Tar supports a vast range of compression programs such as 

  • gzip
  • bzip2
  • lzip
  • lzma
  • lzop
  • xz and
  • compress
  • When creating compressed tar archives, it is an accepted convention to append the compressor suffix to the archive file name. For example, if an archive has been compressed with gzip , it should be named archive.tar.gz.
  • -c -f or cf
    • -c to create a new tar archive file
    • -f tells tar to interpret its input from the file rather than from the default which is standard input
  • -v will display the files being processed
# ___  Create an archive named archive.tar from file1 file2
tar cf archive.tar file1 file2


# ___  Create a file backup.tar of the /home/user directory
tar -cf backup.tar /home/user

tar- create gz archive

Gzip is the most popular algorithm for compressing tar files. When compressing tar archives with gzip, the archive name should end with either tar.gz or tgz.

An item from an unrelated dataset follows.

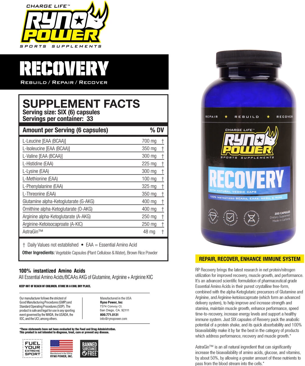 Get back in the game faster with Recovery, the most comprehensive blend of high quality Amino Acids available. Containing the 12 most important amino acids instantized for immediate use, this unique formula is designed to stonewall the breakdown of muscle tissue and delay physical and mental fatigue. Pharmaceutical grade essential amino acids and nitrogen transporters provide faster recovery times, increase energy, and reinforce the immune system.

  • -z tells tar to compress using the gzip algorithm
  • -j tells tar to use the gzip2 algorithm and creates a .bz2 archive file
# ___  Create a tar.gz file
tar cfz archive.tar.gz file1 file2 file3...

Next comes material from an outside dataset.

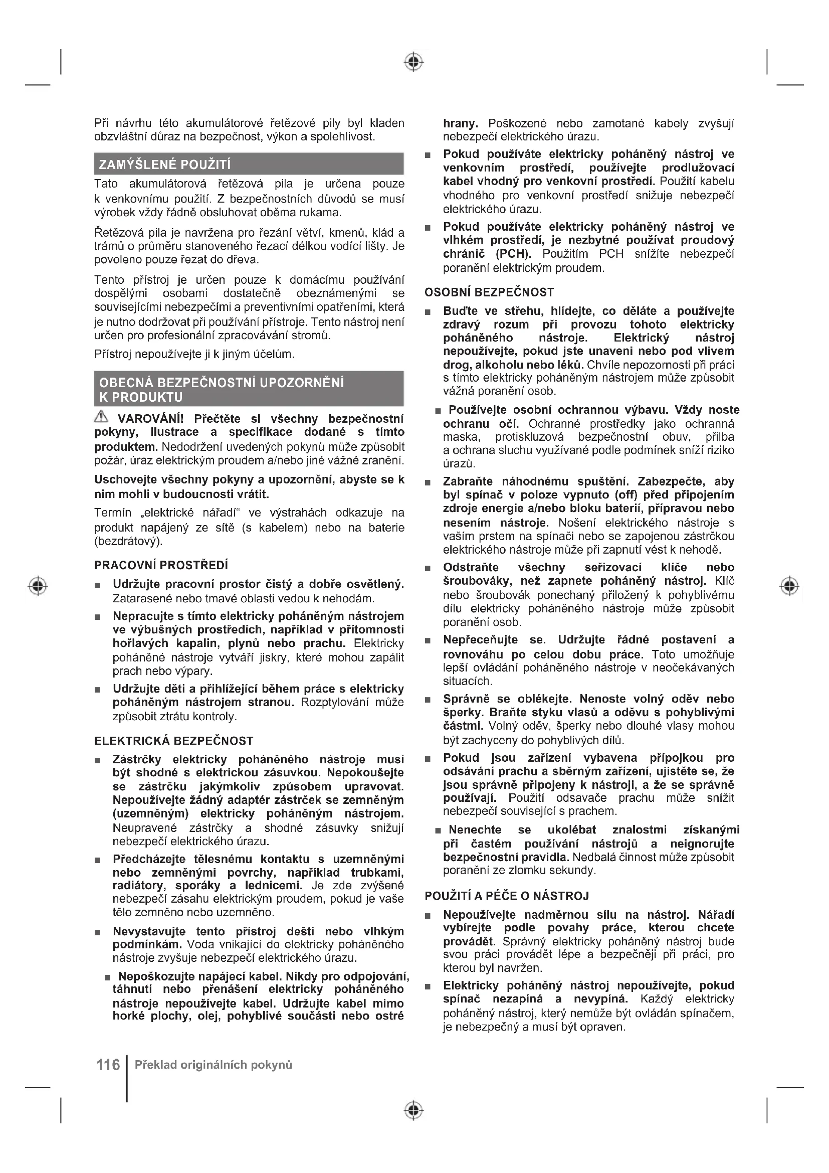 ■ Udržujte všechny části těla v dostatečné vzdálenosti od řetězu, když řetězová pila pracuje. Před spuštěním řetězové pily zkontrolujte, zda se řetěz pily nedotýká žádného předmětu. Chvíle nepozornosti při práci s řetězovou pilou může způsobit zamotání vašeho oděvu nebo těla do řetězu pily. ■ Vždy držte řetězovou pilu pravou rukou na zadní rukojeti a levou rukou na přední rukojeti. Držení řetězové pily v opačném umístění rukou se zvyšuje nebezpečí poranění osob a nemělo by se nikdy používat. ■ Pilu držte pouze na izolovaných plochách, protože její řetěz může přijít do styku se skrytými vodiči nebo s vlastním napájecím přívodem. Styk řetězové pily s fázovým vodičem může vystavit kovové části pilového řetězu napětí proti zemi a způsobit uživateli úraz elektrickým proudem. ■ Noste ochranu očí Je doporučeno používat prostředky na ochranu sluchu, hlavy, rukou a nohou. Odpovídající ochranné prostředky snižují riziko úrazu od odletujících odřezků a náhodného styku s řetězem pily. ■ Pilu nepoužívejte, pokud jste na stromě, na žebříku, na střeše nebo na jiné nestabilní opoře. Používání pily tímto způsobem může způsobit vážný úraz. ■ Vždy udržujte řádné postavení a obsluhujte pilu pouze při postavení na pevné, bezpečné a rovné ploše. Kluzký nebo nestabilní povrch může způsobit ztrátu rovnováhy nebo kontroly nad pilou. ■ Když řežete větev, která je napnuta, buďte ve střehu před zpětným švihem. Pokud se uvolní pnutí ve vláknech dřeva může napružená větev udeřit obsluhu anebo způsobit ztrátu kontroly nad řetězovou pilou. ■ Buďte velmi opatrní při řezání malých větviček a křovin. Mohou se zachytit o zuby řetězu a být vymrštěny směrem k vám a narušit tak vaši rovnováhu. ■ Noste řetězovou pilu za přední rukojeť ve vypnutém stavu a směrem od vašeho těla. Pokud řetězovou pilu přepravujete nebo ukládáte, vždy připevněte kryt vodící lišty. Správné držení řetězové pily sníží pravděpodobnost náhodného dotyku s pohybujícím se řetězem pily. ■ Dodržujte pokyny k promazávání, napínání řetězu a výměně lišty a řetězu. Nesprávně upnutý nebo namazaný řetěz může buď způsobit nebo zvýšit zpětný vrh. ■ Řezejte pouze dřevo. Nepoužívejte řetězovou pilu pro účely, pro které nebyla navržena. Například nepoužívejte pilu k řezání kovů, plastů, zdiva neboli118 Překlad originálních pokynů nedřevěných stavebních materiálů. Použití řetězové pily pro práce jiné, než zamýšlené, by mohlo mít za následek nebezpečnou situaci. ■ Neporážejte strom, dokud neznáte všechna související rizika a způsob jejich odstranění. Při kácení stromu může dojít k úrazu obsluhy pily nebo přihlížejících osob. ■ Při odstraňování zachyceného materiálu, skladování a provádění servisu dodržujte všechny pokyny. Vypínač musí být v poloze vypnuto a baterie vyjmuty. Náhodné spuštění pily během odstraňování zachyceného materiálu nebo provádění servisu může způsobit úraz. PŘÍČINY A PREVENCE ZPĚTNÉMU VRHU: Pokud konec vodící lišty narazí na cizí předmět nebo dojde k zablokování řetězu při řezání, existuje nebezpečí zpětnéhu vrhu. Dotyk vrcholem vodící lišty může v některých případech způsobit náhlou zpětnou reakci, což je vyhození vodící lišty nahoru a zpět směrem k obsluze. Sevření řetězu pily na horní části vodící lišty může vodící lištu rychle zatlačit zpět směrem k obsluze. Ve všech uvedených případech může obsluha pily ztratit kontrolu nad nářadím a způsobit si vážný úraz. Nespoléhejte pouze na ochranné prvky řetězové pily. Při obsluze řetězové pily je třeba dodržovat opatření k zajištění bezpečností a ochrany zdraví při práci. Důsledkem nesprávného použití řetězové pily anebo nesprávného pracovního postupu či podmínek může být zpě tný ráz, kterému se lze vyhnout dodržováním níže uvedených opatření: ■ Udržujte pevný úchop, palce a prsty obepínají rukojeti řetězové pily, oběma rukama na řetězové pile a rozestavte své tělo a ruce tak, abyste odolávali silám zpětného vrhu. Síly zpětného vrhu mohou být ovládány obsluhou, pokud provede správná opatření. Řetězovou pilu neopouštějte. ■ Nepřeceňujte se a neřežte nad úrovní ramen. Toto pomáhá zabránit neúmyslnému kontaktu s vrcholem vodící lišty a umožňuje lepší ovládání řetězové pily v neočekávaných situacích. ■ Používejte pouze náhradní vodicí lišty a pilové řetězy určené výrobcem. Nesprávná vodicí lišta nebo pilový řetěz může způsobit přetržení řetězu nebo zpětný náraz. ■ Dodržujte pokyny výrobce při ostření a údržbě řetězu. Zmenšení výšky hloubkoměru může vést ke zvýšenému zpětnému vrhu. DOPLŇUJÍCÍ BEZPEČNOSTNÍ VAROVÁNÍ ■ Velmi doporučujeme účast na profesionálně organizovaném bezpečnostním kurz o používání, preventivních opatřeních, první pomoci a údržbě řetězových pil. Tyto pokyny uschovejte pro příští použití. ■ Řetězové pily jsou velmi nebezpečné nástroje. Nehody způsobené používáním řetězové pily často končí ztrátou končetiny či smrtí. Padající větve, kácené stromy i odvalující se polena mohou usmrtit. Napadené nebo shnilé dřevo představuje další nebezpečí. Měli byste zhodnotit své schopnosti k bezpečnému dokončení úkolu. V případě pochyb neváhejte profesionální dřevorubce. ■ Neodřezávejte výhonky ani křoviny s malým průměrem (do 75 mm). ■ Při prvním použití přístroje se doporučuje nácvik řezání polen na „koze“ nebo podpěrném stojanu. ■ Plocha pracovn

# ___  Create a tar.bz2 file
tar cfj archive.tar.bz2 file1 file2 file3...

list tar ball files

  • From the notes example above, if we want to make sure all the files were compressed and archived we can use
  • -tf will list all the files and directories in your tar ball
  • tar -tf <newfile.tar>

tar to list

When used with the list -t option the tar command will list the content of a tar archive without extracting it

  • -t list content of archive file
  • -v to list file owner, size, timestamp
  • DOES NOT EXTRACT
# ___  List the content and information of an archived file without extracting
tar tvf archive.tar

tar to extract

To extract a tar or tar.gz format file use tar with the options below. By default it will extract the contents to the current working directory.

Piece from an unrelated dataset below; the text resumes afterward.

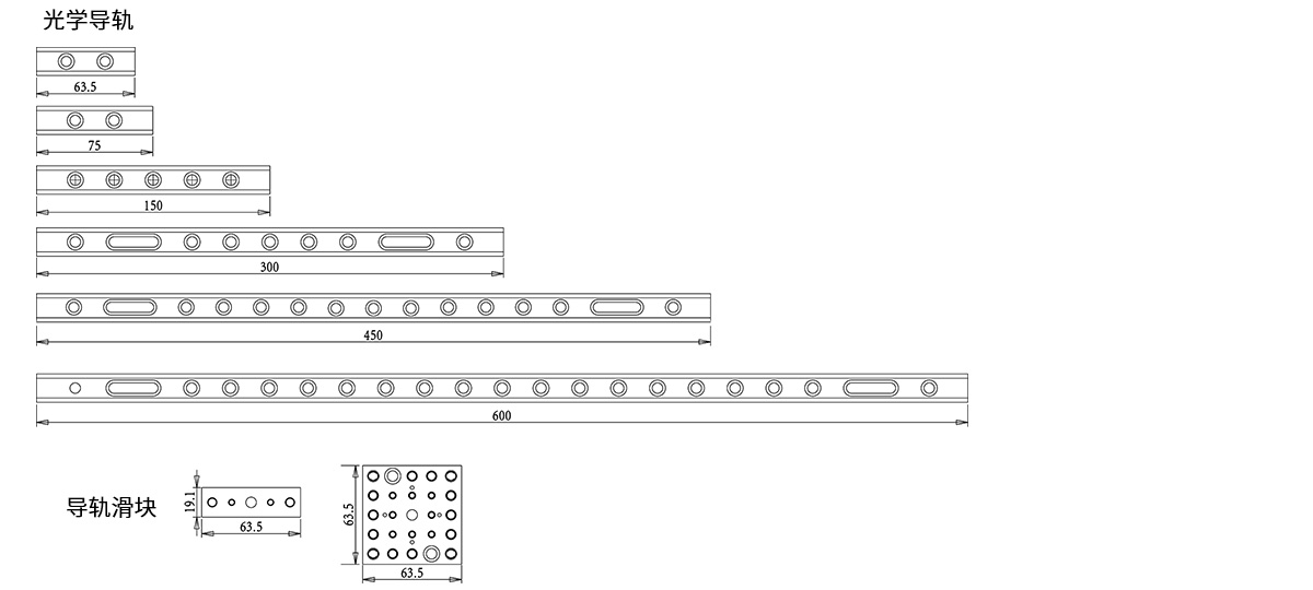 (1)OOM-L系列光學(xué)導(dǎo)軌用于構(gòu)建緊湊型組件。燕尾式安裝表面可以安裝我們的OOP-U系列卡入式導(dǎo)軌滑塊,物體能沿著燕尾式安裝表面固定在任何位置。這些導(dǎo)軌只有18.1mm的寬度,長度范圍是63.5-600mm,導(dǎo)軌具有多個M6沉頭孔槽,以實現(xiàn)安裝靈活性。每個導(dǎo)軌端部的M4螺紋孔可用于垂直安裝。長度在300 mm以上的導(dǎo)軌具有安裝槽,從而提供更多安裝選擇。

  • -xf used to extract an archive file - xf is used for tar.gz or tar.bz2 files with a destination folder as shown below tar -xf <file to extract> <filename to extract to>
  • -xvf to print names of files that are being extracted
  • -c extract to a specified directory
# ___  List and EXTRACT files from an archived file
tar xvf archive.tar

# ___  Extract the archive file contents to the opt/files directory
tar xf archive.tar -c /opt/files

tar Decompress & Extract

# ___ Decompress and Extract
tar -xzf notes.tar.gz newfilename
ls -R

tar extract specific files

To extract a specific file(s) from a tar archive, append a space-separated list of file names to be extracted after the archive name

# ___  Extract specific files from archive file
tar xf archive.tar file1 file2

tar extract with wildcard

To extract files from an archive based on a wildcard pattern, use the --wildcards switch and quote the pattern to prevent the shell from interpreting it.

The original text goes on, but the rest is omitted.